- What the task asks
Extract the records below word for word and ignore the images.

......

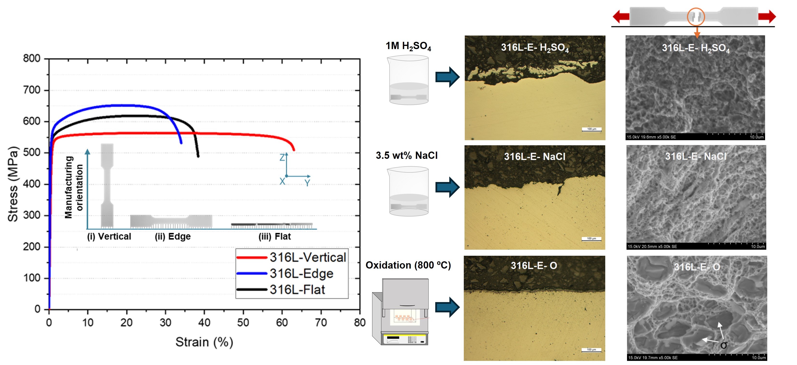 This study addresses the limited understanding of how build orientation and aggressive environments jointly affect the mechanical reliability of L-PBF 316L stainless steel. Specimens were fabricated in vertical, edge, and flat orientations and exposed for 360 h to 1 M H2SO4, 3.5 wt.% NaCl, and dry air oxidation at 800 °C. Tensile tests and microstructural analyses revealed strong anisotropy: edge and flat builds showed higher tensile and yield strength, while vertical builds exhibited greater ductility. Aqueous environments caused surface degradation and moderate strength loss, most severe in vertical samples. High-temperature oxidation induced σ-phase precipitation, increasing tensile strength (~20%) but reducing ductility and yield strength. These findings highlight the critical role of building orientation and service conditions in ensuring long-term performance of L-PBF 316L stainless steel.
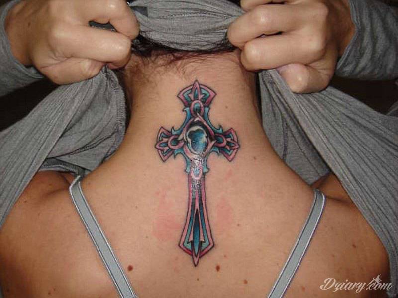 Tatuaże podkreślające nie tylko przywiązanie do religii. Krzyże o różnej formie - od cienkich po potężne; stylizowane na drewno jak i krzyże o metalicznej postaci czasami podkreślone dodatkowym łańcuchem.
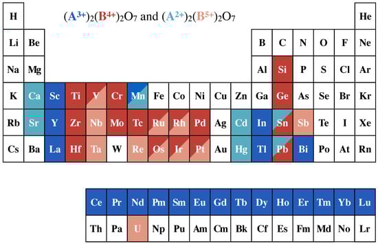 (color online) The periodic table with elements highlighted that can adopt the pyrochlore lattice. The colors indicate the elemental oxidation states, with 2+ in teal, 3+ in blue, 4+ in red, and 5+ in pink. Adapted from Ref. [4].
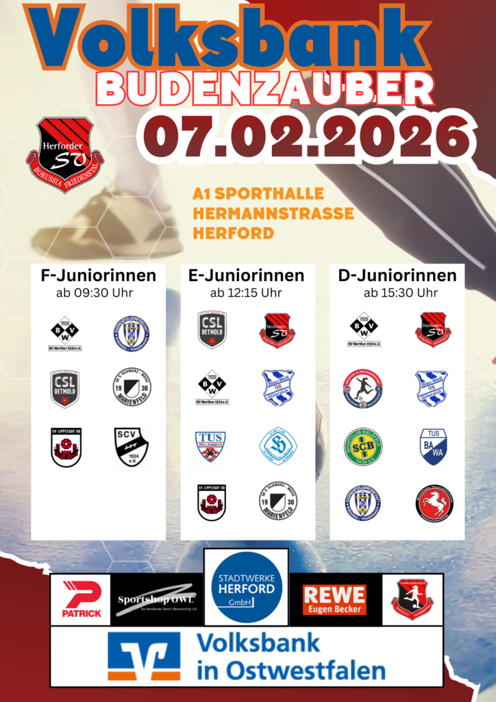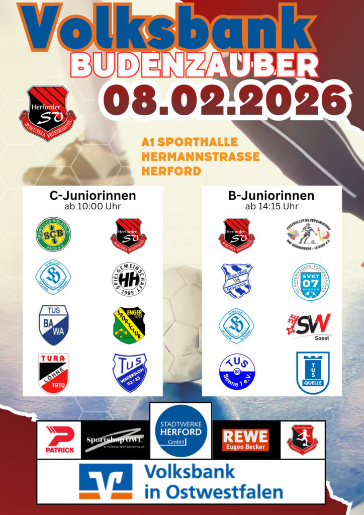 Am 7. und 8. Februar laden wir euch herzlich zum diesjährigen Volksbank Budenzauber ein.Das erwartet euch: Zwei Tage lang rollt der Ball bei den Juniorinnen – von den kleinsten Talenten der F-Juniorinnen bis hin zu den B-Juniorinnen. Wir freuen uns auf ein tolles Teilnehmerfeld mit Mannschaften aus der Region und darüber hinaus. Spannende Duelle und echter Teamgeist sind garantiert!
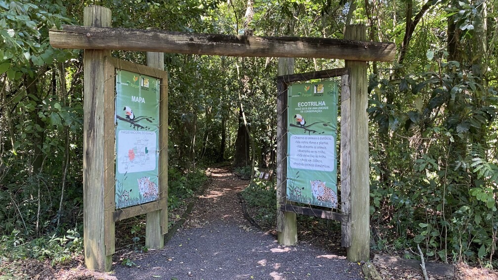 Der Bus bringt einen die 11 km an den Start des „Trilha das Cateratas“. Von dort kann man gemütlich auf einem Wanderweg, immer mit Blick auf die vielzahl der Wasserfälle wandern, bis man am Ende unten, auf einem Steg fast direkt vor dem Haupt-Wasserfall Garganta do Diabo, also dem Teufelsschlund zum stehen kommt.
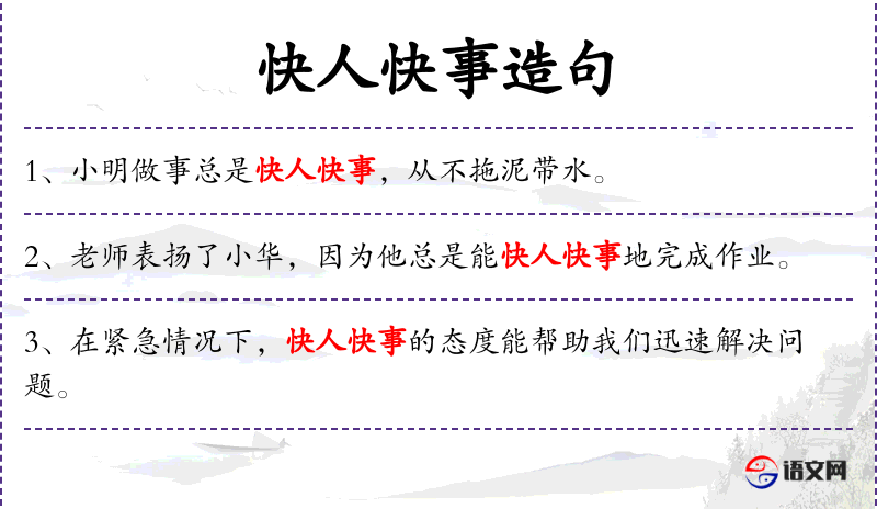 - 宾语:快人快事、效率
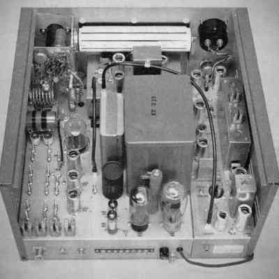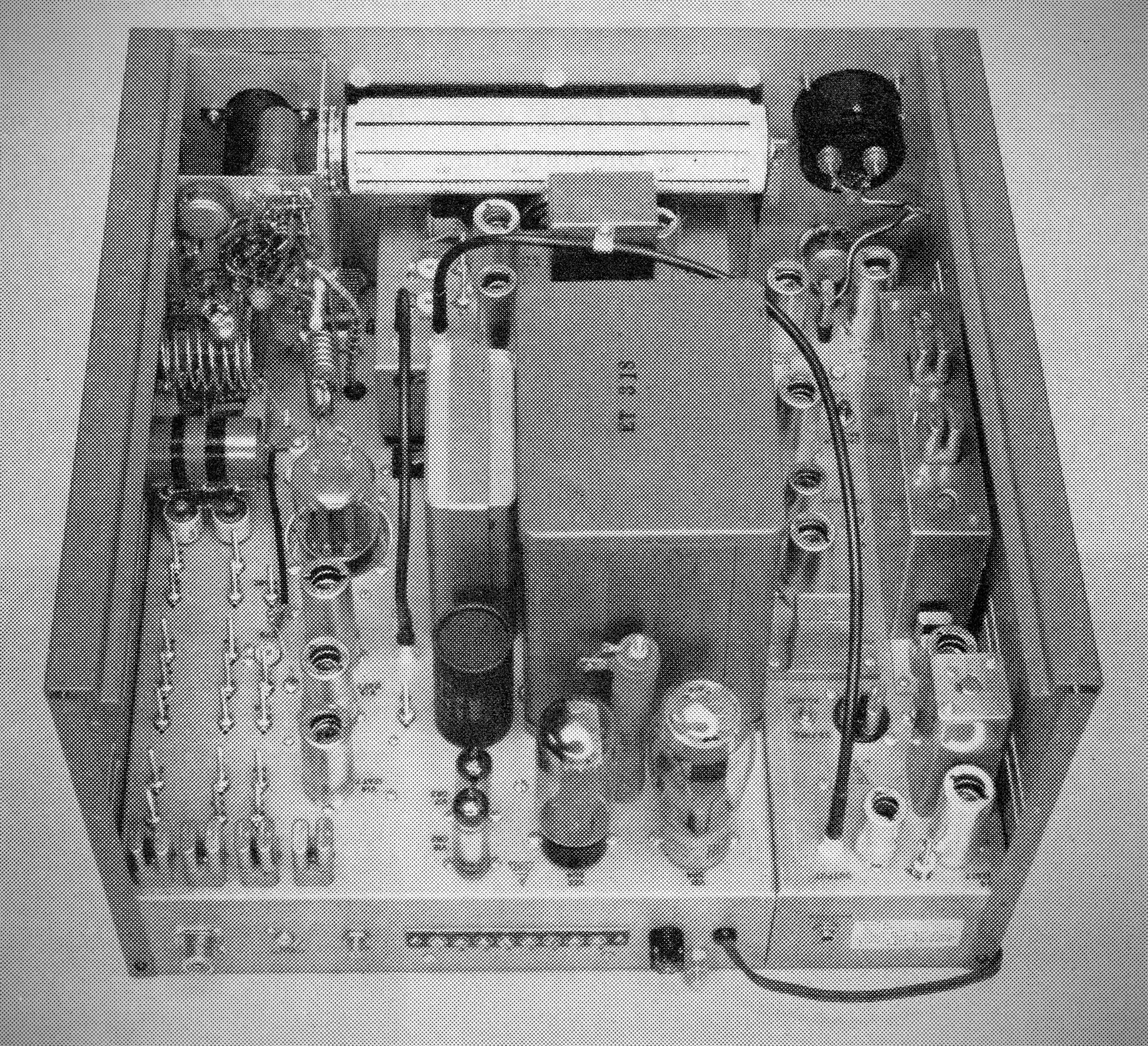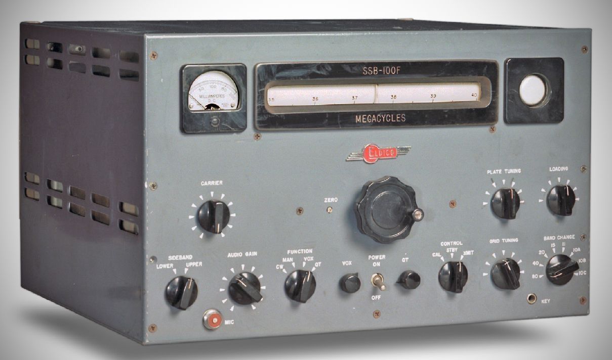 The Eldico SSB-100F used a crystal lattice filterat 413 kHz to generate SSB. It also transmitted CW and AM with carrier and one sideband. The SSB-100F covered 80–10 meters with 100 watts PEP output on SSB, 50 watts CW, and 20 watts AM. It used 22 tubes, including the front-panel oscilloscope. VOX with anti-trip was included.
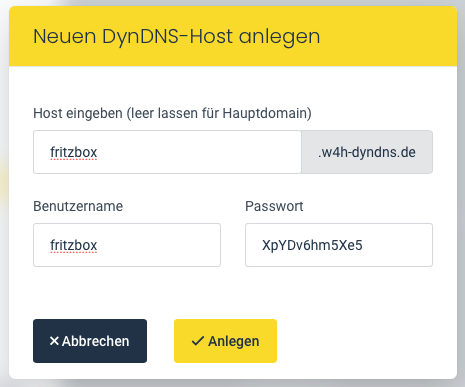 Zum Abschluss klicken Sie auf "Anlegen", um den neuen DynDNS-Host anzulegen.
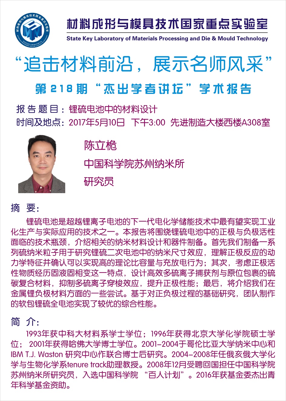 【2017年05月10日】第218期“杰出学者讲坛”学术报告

......

- Result for this exercise
 This study addresses the limited understanding of how build orientation and aggressive environments jointly affect the mechanical reliability of L-PBF 316L stainless steel. Specimens were fabricated in vertical, edge, and flat orientations and exposed for 360 h to 1 M H2SO4, 3.5 wt.% NaCl, and dry air oxidation at 800 °C. Tensile tests and microstructural analyses revealed strong anisotropy: edge and flat builds showed higher tensile and yield strength, while vertical builds exhibited greater ductility. Aqueous environments caused surface degradation and moderate strength loss, most severe in vertical samples. High-temperature oxidation induced σ-phase precipitation, increasing tensile strength (~20%) but reducing ductility and yield strength. These findings highlight the critical role of building orientation and service conditions in ensuring long-term performance of L-PBF 316L stainless steel.
 Tatuaże podkreślające nie tylko przywiązanie do religii. Krzyże o różnej formie - od cienkich po potężne; stylizowane na drewno jak i krzyże o metalicznej postaci czasami podkreślone dodatkowym łańcuchem.
 (color online) The periodic table with elements highlighted that can adopt the pyrochlore lattice. The colors indicate the elemental oxidation states, with 2+ in teal, 3+ in blue, 4+ in red, and 5+ in pink. Adapted from Ref. [4].
 Am 7. und 8. Februar laden wir euch herzlich zum diesjährigen Volksbank Budenzauber ein.Das erwartet euch: Zwei Tage lang rollt der Ball bei den Juniorinnen – von den kleinsten Talenten der F-Juniorinnen bis hin zu den B-Juniorinnen. Wir freuen uns auf ein tolles Teilnehmerfeld mit Mannschaften aus der Region und darüber hinaus. Spannende Duelle und echter Teamgeist sind garantiert!
 Der Bus bringt einen die 11 km an den Start des „Trilha das Cateratas“. Von dort kann man gemütlich auf einem Wanderweg, immer mit Blick auf die vielzahl der Wasserfälle wandern, bis man am Ende unten, auf einem Steg fast direkt vor dem Haupt-Wasserfall Garganta do Diabo, also dem Teufelsschlund zum stehen kommt.
 - 宾语:快人快事、效率
 The Eldico SSB-100F used a crystal lattice filterat 413 kHz to generate SSB. It also transmitted CW and AM with carrier and one sideband. The SSB-100F covered 80–10 meters with 100 watts PEP output on SSB, 50 watts CW, and 20 watts AM. It used 22 tubes, including the front-panel oscilloscope. VOX with anti-trip was included.
 Zum Abschluss klicken Sie auf "Anlegen", um den neuen DynDNS-Host anzulegen.
 【2017年05月10日】第218期“杰出学者讲坛”学术报告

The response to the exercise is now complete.